Focus on linear modelling
Glymour highlights examples of linear modeling He explains the reasons for this in the course of a response to Nancy Cartwright concerning causal modeling:
“An idea almost exactly as old as the twentieth century is that, in some circumstances, correlations among measured features may be explained by postulating that each measured variable is a linear function of unobserved causes that influence two or more measured variables, and of independently distributed unobserved causes particular to that measured variable. The joint probability density on all of the variables is determined by the joint density of the unmeasured variables and by the linear coefficients. The idea is basic to factor analysis, and is still a common model in psychometrics and elsewhere in social science.” (Glymour 1999: 56)
General format of a theory
My presentation will be fairly close to Glymour’s, with terminology and some details inevitably changed when we read bootstrapping as an insight into empirical support.
As general format for a theory we choose to identify a theory T with a triple <W, Q, CT> where
W is a non-empty set (the possibilities, possible states of affairs, possible states of a certain kind of system),
Q is a set of real-valued quantities defined on W, and is closed under at least composition and polynomials, and other operations if specified,
CT is a set of basic propositions, that is, a set of equations and inequalities between members of Q.
We will refer to the members of CT as the postulates or laws of T.
Sp(T), the possibility space of T, is the set of all members of W that are the solutions of all the constraints in CT .
Note: as defined, an equation q = r is true iff for all w in W, q(w) = r(w); e.g. (q + q)/2 = q.
A data base is a set E of basic propositions of form q = E*(q), with function E* defined on a subset DE of Q, such that there is at least one possibility w in W such that E*(q) = q(w) for each q in DE. Note well that w need not be in Sp(T): data might be found that are in direct contradiction with any given theory.
Definition. Data base E provides relevant support for basic proposition H relative to theory T exactly if E has some alternative E’ and CT some subset C0 that does not include H, such that:
(1) CT ∪ E ∪ {H} has a solution.
(2) C0 ∪ E’ has a solution.
(3) All solutions of C0 ∪ E are solutions of H.
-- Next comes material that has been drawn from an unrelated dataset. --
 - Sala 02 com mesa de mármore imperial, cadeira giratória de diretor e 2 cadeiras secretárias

(4) No solutions of C0 ∪ E’ are solutions of H.
Clauses (2) and (4) ensure that the result due to finding data E is significant: the data found could have been otherwise, and could have been incompatible with H and C0.
The term “bootstrap” is apt, for when H is itself a postulate of T then the relevant support is support for part of T relative to T itself.
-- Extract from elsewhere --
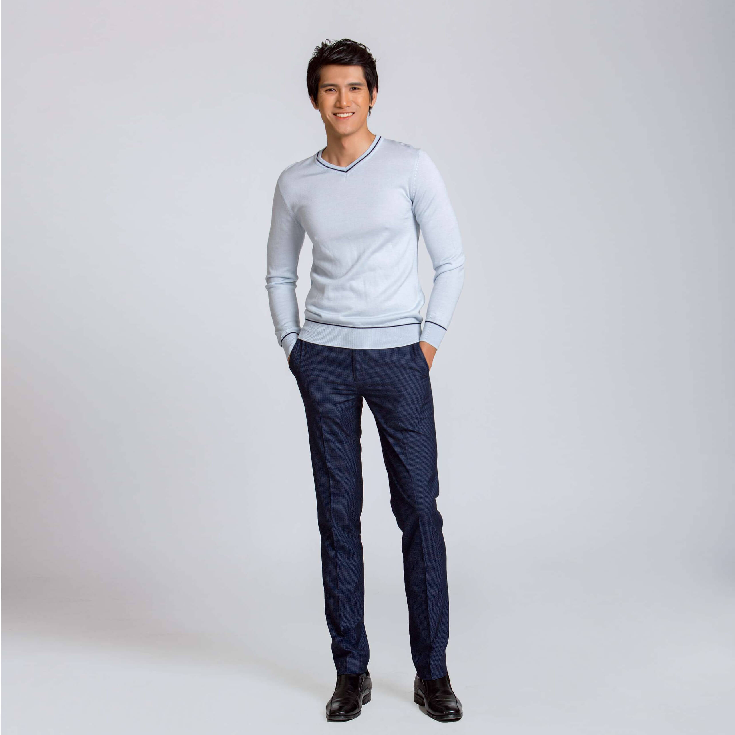 Bạn có thể dễ dàng kết hợp áo len nam xanh dương nhạt ALEND043 cùng:

Definition. Theory T has optimal relevant support by a given data base E exactly if E provides relevant support for each of T’s postulates, relative to T.
Examples to make two important points about empirical relative support.
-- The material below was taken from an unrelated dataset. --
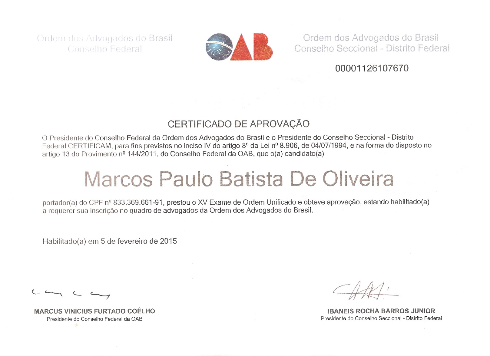 #9 – XV Exame OAB – Certificado de aprovação emitido – 16.04.15
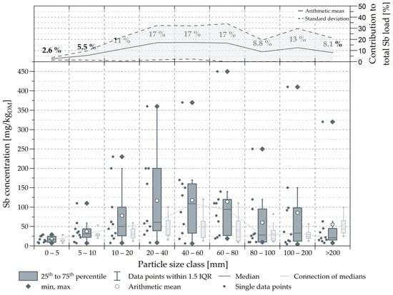 Top: The share of each particle size fraction to the total antimony (Sb) load. Below: The darker box plot represents the values found in this study, while the lighter box plot shows the values from Viczek et al. [].

We can call relevant support empirical if the data are measurement results of directly measurable quantities.
(1) Less support for weaker theories
The first point to make is that a logically stronger (and so no more, or less probable) theory may have more relevant support than a weaker one. Here are two small theories T and T0, where T implies T0, which have q and s as quantities, and q is the only directly measurable quantity.
For any quantity r we define the ‘indicator’ quantity IXr: IXr 
= 1 if r(w) is in X, and = 0 otherwise.
T has postulates
T1. q(I[0,1]q) ≤ s ≤ q
T2. s = 1
T0 has postulates
T1. q(I[0,1]q) ≤ s ≤ q
T3. 0 ≤ s ≤ 1
Postulate T1, which they have in common, rules out negative values for s or q, and implies that if q is in [0, 1] then q = s.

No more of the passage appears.